Por lo tanto, si los dirigentes del PAN recibieron más de 10 millones de pesos y nadie sabe quién los dio, cuánto dio, por qué los dio, esto encierra varias respuestas que a su vez encierran las respectivas preguntas de rigor y aquí es en donde podría intervenir la autoridad ministerial.

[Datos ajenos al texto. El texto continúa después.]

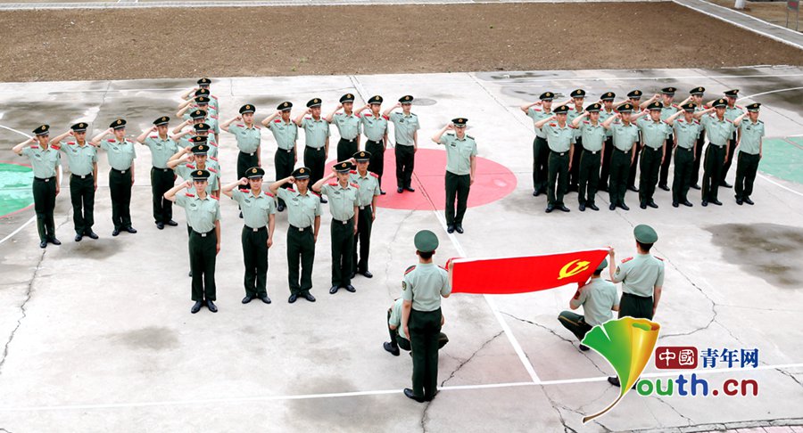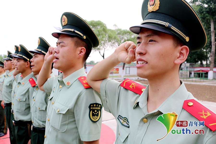 面向党旗,官兵们激情澎湃。中国青年网通讯员雷键摄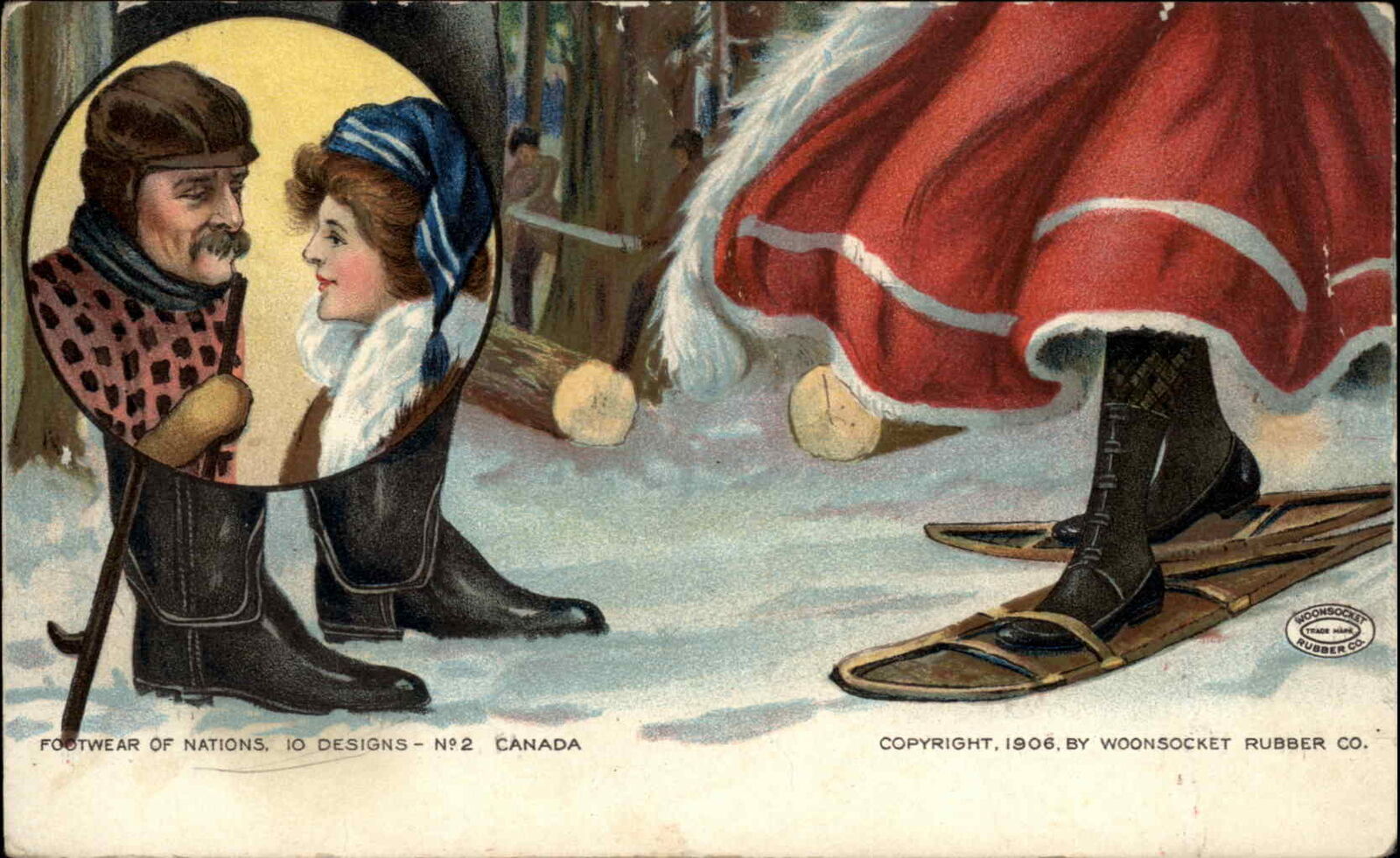 Woonsocket Rubbers Shoes Ad Design No. 2 Canada c1910 Vintage Postcard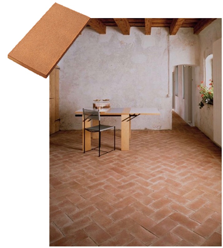 J’avais très envie de vous parler de la terre cuite italienne, appelée Terracotta, dont l’aspect rouge est maintenu brut après la cuisson. Je la retrouve partout ici en Toscane : dans les palais, les appartements du centre et surtout les maisons dites « Collonica » anciennes maisons de campagne et ferme agricole situées sur les collines. La terracotta est fabriquée dans le petit village de l’Impruneta à l’entrée du Chianti. Je connais bien la société Manetti chez qui j’ai commandé la mienne mais il y en a plein d’autres. Ces sociétés produisent deux types de « cotto » : avec des machines ou bien alors à la main. Ce dernier rendu est vraiment magnifique car plus irrégulier (parfait pour un effet campagne chic) et dans des couleurs plus douces, plus passées. La terre cuite n’est plus rouge mais rosée, avec des effets blanchis, patinés.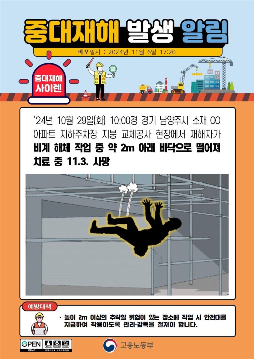10시경 경기 남양주시 소재 아파트 지하주차장 지붕 교체공사 현장에서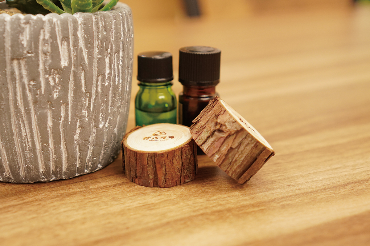 表面にアロマオイルを数滴垂らすことで、ヒノキのやさしい香りが広がり、空間にほのかなリラックス感をもたらします。電源や火を使わないため、デスクまわりや玄関、寝室など、場所を選ばず安心してお使いいただけます。

Aquí van algunas preguntas que pueden ser respuestas o viceversa. ¿Blanquearon dinero? ¿Quién o quiénes dieron las aportaciones que no quieren que se sepa su nombre? ¿Hubo dinero ilícito en la campaña del PAN? ¿La delincuencia organizada apoyó las campañas del PAN? ¿Fueron empresarios vergonzantes que no desean que sus nombres y apellidos salgan a relucir? ¿Cuántos recibos de aportaciones al PAN son apócrifos? ¿Solo fueron 10 millones de pesos los detectados como gasto excesivo en la pasada campaña electoral o hay más que no fue auditado? ¿Quiénes saben y conocen los nombres y apellidos de los samaritanos que no dicen sus nombres? ¿Edmundo Guajardo confesará sus tropelías o se lavará las manos? ¿El tesorero del PAN fue el que blanqueó el dinero o quién lo hizo?. Etc.

A todo esto, tanto la Ley Electoral del Estado, en su Capítulo Tercero Sección Segunda, acompasado con el Código Penal del Estado, en su Sección Cuarta, de los Delitos Contra el Estado, Título Quinto, Capítulo Único, prevén los supuestos de infracción y delito aplicables a los casos concretos; incluso la nueva Ley federal contra la Delincuencia Organizada podría ser aplicable si algún supuesto le da vida a cualquier tipo penal.

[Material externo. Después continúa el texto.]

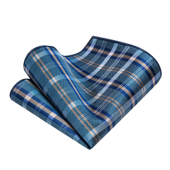 Ties2you Dark Turquoise Tan Striped Necktie Hanky Cufflinks Set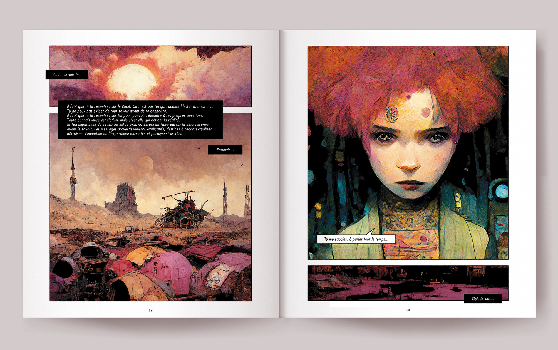 Alors, le dessinateur que je suis se connecte donc en septembre 2022 sur le programme Midjourney dont tout le monde parle sans l’avoir essayé. Cette puissante IA de génération visuelle traduit du texte en image avec une « pertinence » déconcertante… L’outil est puissant. Un déclic se produit… Quelque part entre terreur et émerveillement. Le mysterium tremendum, en quelque sorte… La base de tout processus artistique. En travaillant sur ces générations d’images « artificielles », j’ai alors cherché de manière empirique une méthode pour apprivoiser les algorithmes afin de trouver la justesse visuelle, les bonnes descriptions, les angles de vue, la qualité d’expression verbale qui vont conditionner la précision des scènes imaginées, le langage de la forme picturale et de la composition d’univers… C’était vertigineux… En quelques semaines, j’avais prompté, généré, trié, sélectionné, archivé plusieurs milliers d’images. Toutes singulières, inédites et surprenantes… Je me suis alors rendu compte que le propos de mes questionnements, à cet instant, était exactement le même que dans le scénario de « initial_A. » que j’avais écrit deux ans plus tôt. Explorer la frontière… Il me restait à construire les pages. Une à une, pendant cinq mois. Et à chercher dans cette architecture invisible d’entre les cases, comment faire dialoguer ces images entre elles avec mon scénario. Faire mon métier d’auteur de bande dessinée, tout simplement, mais d’une façon nouvelle et inattendue. Mais, où est la frontière ? Dans cette hybridation combinatoire, qu’est-ce qui est humain et qu’est-ce qui ne l’est pas ? La réponse m’est apparue assez clairement. Ce qui est humain c’est mon désir de raconter cette histoire, à cet instant, de cette manière et faire dialoguer le fond et la forme d’une façon inédite. Un récit de science fiction dessiné avec un outil de science fiction, voilà l’idée qui a déclenché le processus créatif d’ »initial_A« .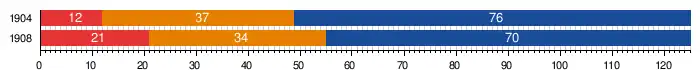 | 1908 | 70 | 34 | 21 | 125 | ||||||||

No es pues cualquier cosa lo que ha sucedido con la administración financiera y económica con los ex dirigentes del PAN, debe aclararse perfectamente, antes de que empiecen a rodar cabezas por haber infringido no solo normas administrativas (electorales), sino también las de carácter penal, estas además de inhabilitar políticamente los manda a la sombra por algún tiempo. Así que al nuevo dirigente de este instituto político, no le queda más remedio que escarbar, limpiar su casa y tirar a la basura lo inservible, ya no solo se trata de curar heridos, ahora parece que habrá que expulsar todo aquello que huela mal, que esté podrido, antes de que siga contaminando a todo su partido, a los militantes pues. ¡Pobre Ricardo Anaya Cortés! ¿Sabría la existencia de todo este cochinero?. Pronto lo sabremos.